Controls temporary staging databases used during file processing. When you connect a file-based data source (CSV, Excel, Parquet, etc.), the server creates a temporary SQLite staging database so queries can run against it with SQL. These staging databases are managed automatically.

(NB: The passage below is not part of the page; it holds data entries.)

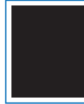
Full Page Ad 8.5" x 11"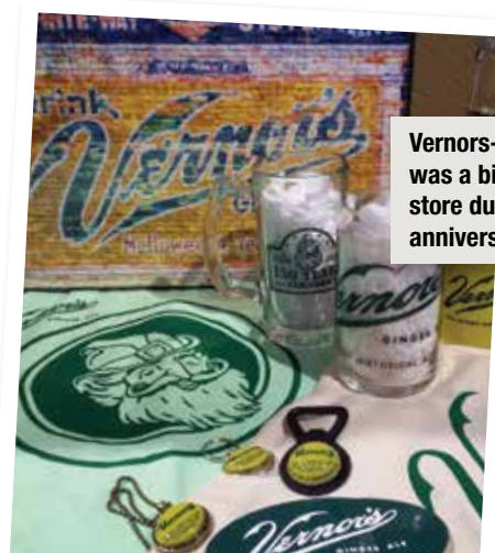
Vernors-themed merchandise was a big hit in our museum store during the 150 th anniversary celebration.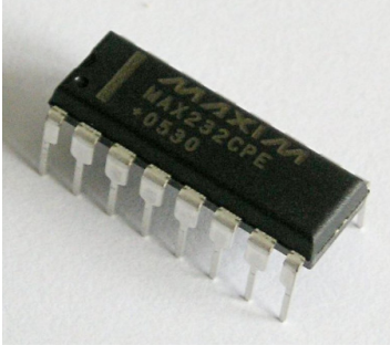
Figure 4: MAX232

gadgets that generally needn't bother with some other voltages. The beneficiaries lessen TIA-232 information sources, which might be as high as ±25 volts, to standard 5 volt TTL levels. These collectors have a run of the mill limit of 1.3v and a run of the mill hysteresis of 0.5 volts.

Key	Type	Default	Description
`max_concurrent`	`int`	`10`	Maximum concurrent staging databases (1-100)
`max_size_mb`	`int`	`2048`	Maximum size per staging database in MB
`max_total_mb`	`int`	`10240`	Total disk budget for all staging databases
`timeout_minutes`	`int`	`30`	Idle timeout before automatic cleanup
`eviction_policy`	`str`	`lru`	Eviction strategy: `lru` or `oldest`

When the total staging size exceeds max_total_mb, the least-recently-used staging database is evicted automatically (or the oldest, depending on eviction_policy). Use include_staging: true in list_databases to see active staging databases.

`disk_budget`

Fine-grained disk budget controls for staging databases. These settings complement the staging section with per-row monitoring and system-level headroom checks.

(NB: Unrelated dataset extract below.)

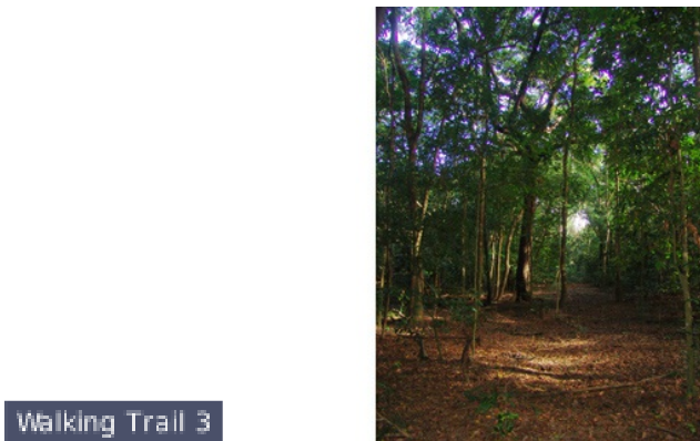
Walking Trail 3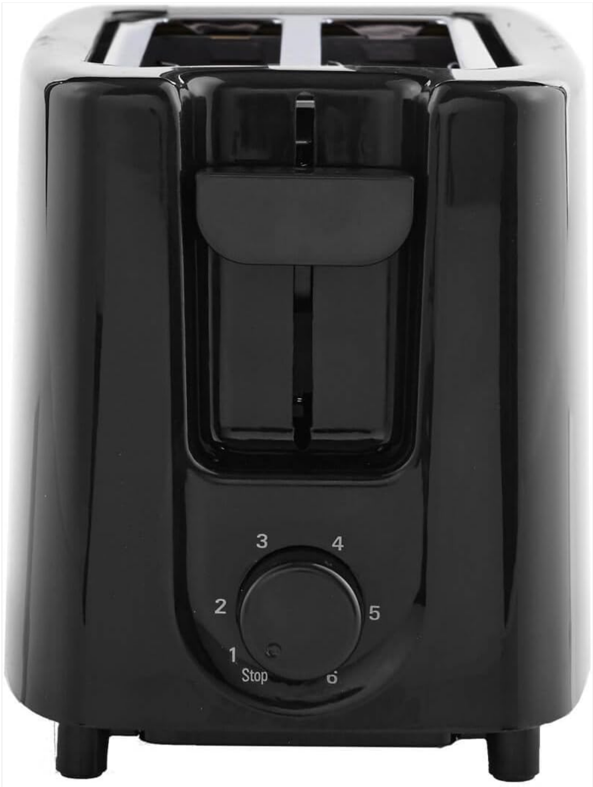
Image Description: Front view of the black Continental Electric CETT019 2-Slice Toaster, showing the two wide slots, the browning control dial, and the lever.

Key	Type	Default	Description
`max_staging_size_mb`	`int`	`2048`	Maximum size of a single staging database in MB
`max_total_staging_mb`	`int`	`10240`	Total disk budget across all staging databases
`disk_warning_threshold`	`float`	`0.90`	Disk usage ratio (0-1) that triggers a warning
`headroom_mb`	`int`	`500`	Minimum free disk space to maintain in MB
`check_interval_rows`	`int`	`1000`	Check disk usage every N rows during file import

`memory`

Controls memory budgeting for query operations.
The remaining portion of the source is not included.